Who Uses Credit Unions? Third Edition

This is the third edition of an earlier Filene report. It uses data from the most recent Survey of Consumer Finance, sponsored by the Federal Reserve, and it updates and reconfirms a number of earlier findings.

  • Jinkook Lee PhD, Professor of Consumer Science and Research Associate at the Center for Human Resources Research at Ohio State University
  • William Kelly Center for Credit Union Research at University of Wisconsin-Madison

Executive Summary

This report reconfirms and updates research findings that run counter to two general perceptions about credit unions and statements often made about credit unions: 1) that credit union members are more affluent than bank customers; and 2) that people are exclusively members or non-members of credit unions.
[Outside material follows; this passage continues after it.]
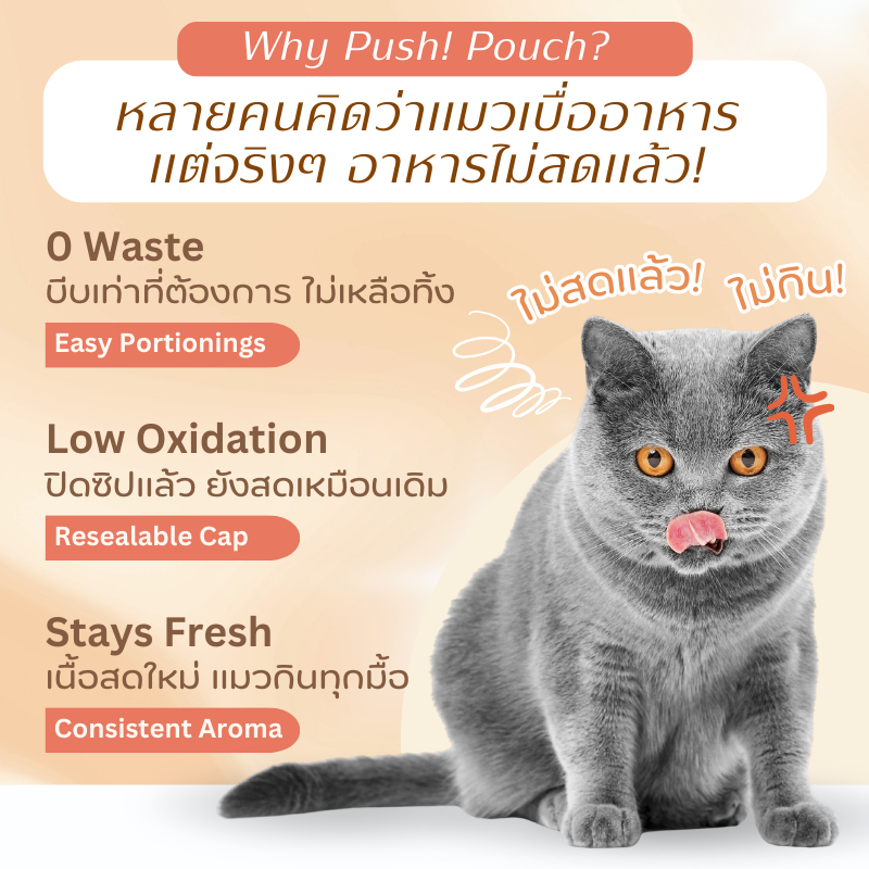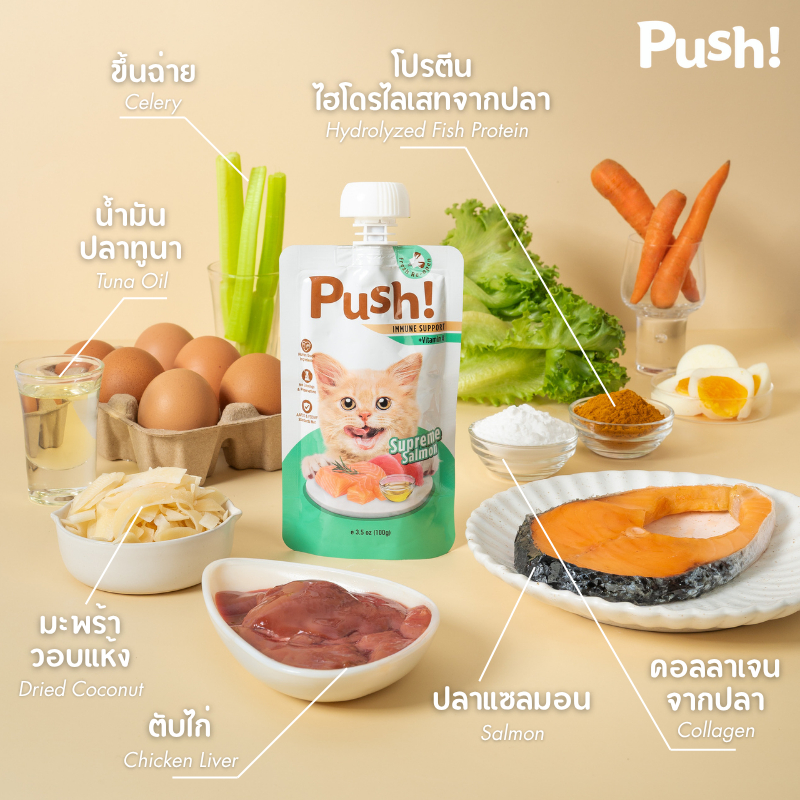 Push! อาหารแมว ซองบีบ [6/12/24 ซอง] 🟢 แซลมอน Complete Balance 100g เนื้อมูสนุ่ม ไม่เติมเกลือ

These general perceptions have created misunderstandings about who credit union members are and what their financial status is. Misperceptions can lead to improper public policy and also can waste credit union marketing resources.

What is the research about?

Unlike other demographic studies of credit union membership, this report and its two earlier editions go beyond comparing credit union members with non-members, or comparing credit union members with bank customers. Simple, dichotomous comparisons like those give an incomplete view of how households use financial institutions. They overlook households that do not use a depository institution at all and households that use both banks and credit unions.

To overcome these shortcomings, we divided the surveyed households into five categories bank only, primarily bank, primarily credit unions, credit union only and unbanked.

What are the credit union implications?

The five-category approach presented in this report has advantages over a two-category approach of "members" and "non-members" for developing credit union marketing and educational programs, and for evaluating public policy issues that affect credit unions.